Numerical Example Table (Selecting 8 stores from 320 stores in 10 cities with an interval of 40 and start point 8):
- City 1 (35 stores, Cum: 35): Sample 8
- City 2 (17 stores, Cum: 52): Sample 48
- City 3 (10 stores, Cum: 62):
- City 4 (32 stores, Cum: 94): Sample 88
- City 5 (80 stores, Cum: 174): Sample 128, 168
- City 6 (18 stores, Cum: 192):
- City 7 (26 stores, Cum: 218): Sample 208
- City 8 (19 stores, Cum: 237):
- City 9 (26 stores, Cum: 263): Sample 248
- City 10 (57 stores, Cum: 320): Sample 288

Non-Probability Sampling Techniques

In non-probability sampling, items are selected deliberately by the researcher's judgment. Conclusions are limited to the sample and cannot be generalized broadly.
Judgment (Purposive) Sampling: Researcher uses personal judgment to select experts or representative individuals.
Convenience (Accidental) Sampling: Selecting the most accessible population (e.g., friends or colleagues) to save time/resources.
Quota Sampling: Selecting a predetermined number of individuals from specific groups (age, gender, etc.). Useful for capturing rare characteristics.
Referral Sampling: Respondents provide names and addresses of other potential participants.

Introduction to Research Design

Research Design: A set of methods and procedures for collecting and analyzing variables. It is the framework for finding answers to research questions.
Design Components: Study type (Descriptive, Correlational, Semi-experimental, Experimental, Review, Meta-analytic), hypotheses, variables, experimental design, data collection methods, and statistical analysis plans.
Fixed vs. Flexible Designs:
- Fixed Designs: Fixed before data collection; usually quantitative and theory-driven.
- Flexible Designs: More freedom during collection; used when variables are not quantitatively measurable (e.g., culture) or when theory is unavailable beforehand.

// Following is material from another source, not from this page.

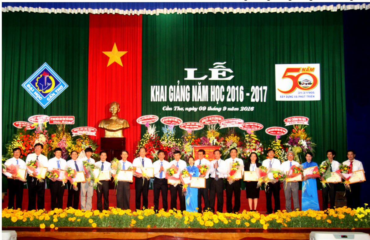
18 tập thể lao động xuất sắc và 05 chiến sĩ thi đua cấp Bộ nhận khen thưởng.

Để tiếp tục thực hiện sứ mệnh, vai trò của mình, tập thể thầy, cô giáo, công chức, viên chức và sinh viên của Trường ĐHCT sẽ không ngừng phấn đấu xây dựng Nhà trường ngày càng vững mạnh với những bước đổi mới và phát triển tốt hơn, nhanh hơn về mọi mặt, xứng đáng là đơn vị Anh hùng Lao động trong thời kỳ đổi mới, xứng đáng với sự quan tâm của lãnh đạo Đảng, Chính quyền các cấp và lòng mong mỏi của nhân dân vùng Đồng bằng sông Cửu Long.
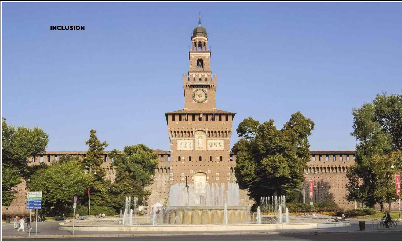
Il Castello Sforzesco a Milano

da Nord a Sud. Si va dalla Venaria Reale di Torino al Negozio Olivetti di Venezia, dalle quattro sedi del Museo nazionale romano nella Capitale all'Abbazia di Santa Maria di Cerrate nella campagna leccese. Tutti luoghi che hanno scelto di aprirsi a ogni

Typologies of Research Design: Experimental and Case Study Methods

Experimental Designs: Active manipulation of variables and random assignment to study behavioral changes or outcomes.
- Importance of operationalizing variables and selecting statistical methods.
- Application of Power Analysis: Determining sample size required to find an effect while considering Type I and Type II error probabilities.
Case Study Method: Intensive investigation of a single unit (individual, institution, system, community) to locate factors accounting for behavioral patterns.
- Characteristics: Qualitative approach; intensive detail over breadth; holistic analysis of causal interrelationships; direct observation of behavioral patterns; useful for generating hypotheses.
- Phases of Case Study:
1. Recognition/determination of status.
2. Data collection and examination of history.
3. Diagnosis/identification of causal factors.
4. Application of remedial treatments.
5. Follow-up program for effectiveness.

Specialized Research Designs

Ethnographic Study: Involved with groups, organizations, or cultures where the researcher spends significant time within the community.
Cross-sectional Design: Measures differences among various subjects at one single point in time without a time dimension or intervention. It is a passive approach to causal inference.
Exploratory Design: Conducted when a research problem has few earlier studies. Goals include:
- Gaining familiarity with details and settings.
- Developing tentative theories/hypotheses.
- Determining study feasibility.
- Refining issues for systematic investigation.
Longitudinal Study: Follows the same sample over time with repeated observations to track changes and establish magnitude/direction of causal relationships. Also called a panel study.
Action Research: An iterative cycle of exploration, planning an interventionary strategy, executing the action, and observing results. The process repeats until a solution or sufficient understanding is reached. It is a cyclical protocol intended to foster deep understanding of situations.